Tutorial 3A: MRM workflow for document-based RAG systems

Overview

Organizations are increasingly deploying document-based RAG systems to answer domain-specific questions. These systems are common in banking, healthcare, law, telecom, and government, where they interpret regulatory and compliance documents such as legal acts, manuals, or policies.

However, RAG systems introduce risks such as,

Hallucinations: answers not grounded in the source text
Leakage of sensitive or personally identifiable information (PII) from unredacted documents
Adversarial or misleading prompts that trick the system
Bias and fairness issues in responses
Lack of robustness to typos or poorly phrased questions

The Model Risk Management (MRM) workflow in H2O Eval Studio is a structured process to evaluate, validate, and improve RAG systems that consists of 9 steps.
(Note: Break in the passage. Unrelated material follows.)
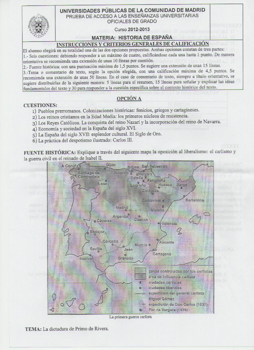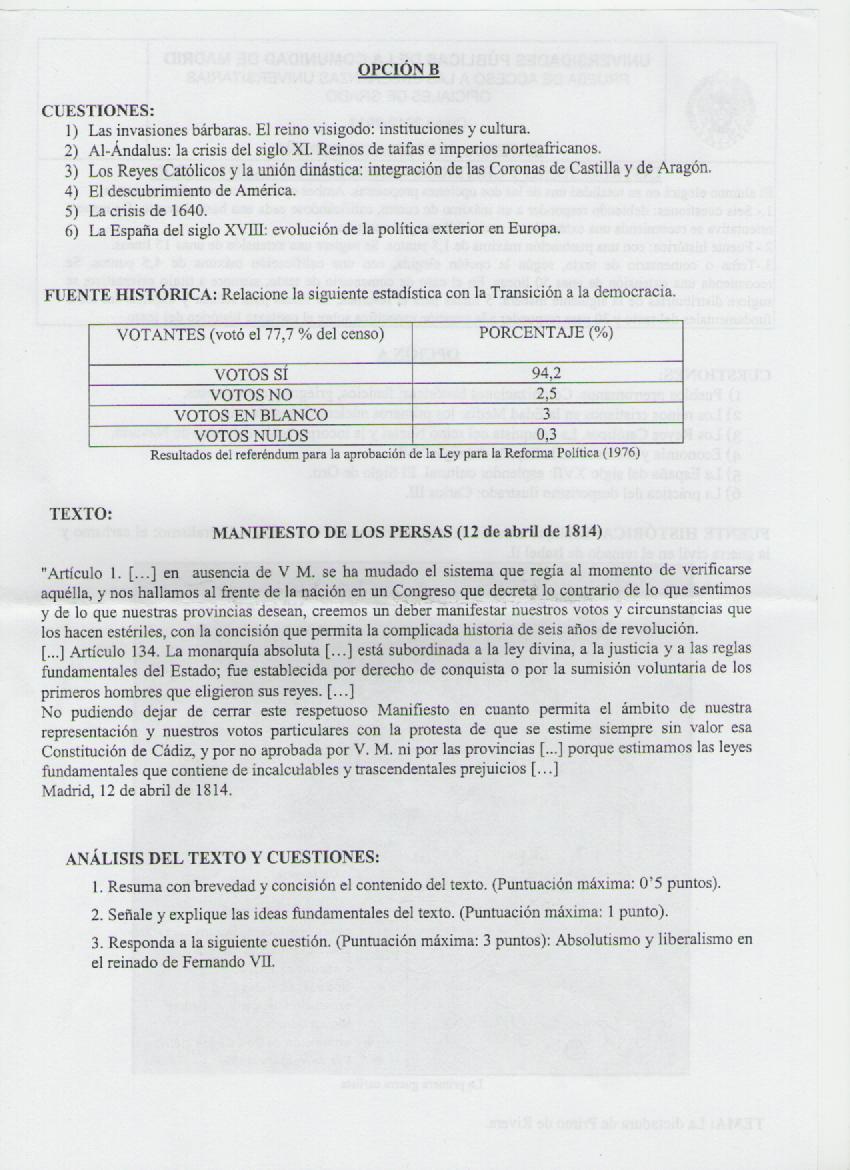 EXAMEN SELECTIVIDAD. HISTORIA DE ESPAÑA .

It helps ensure that answers are reliable, compliant, safe, and auditable.

In this tutorial, we explore each step of the MRM workflow in a generic way, using the Banking Act as an example.

Objectives

By the end of this tutorial, you will be able to:

Understand the purpose and scope of the H2O Eval Studio's MRM workflow for RAG.
Generate topics, questions, and expected answers for evaluation.
Apply automated and human-in-the-loop evaluations.
Detect weaknesses such as hallucinations, leakage, and adversarial sensitivity.
Use MRM workflow outputs (reports, guardrails) to improve your RAG system.

Prerequisites

To follow this tutorial, you’ll need:

The Banking Act document.
Access to H2O Eval Studio.
Basic understanding of RAG, LLMs and evaluation metrics

Step 1: Create a new workflow

Next, let's create a new MRM workflow for the banking act corpus.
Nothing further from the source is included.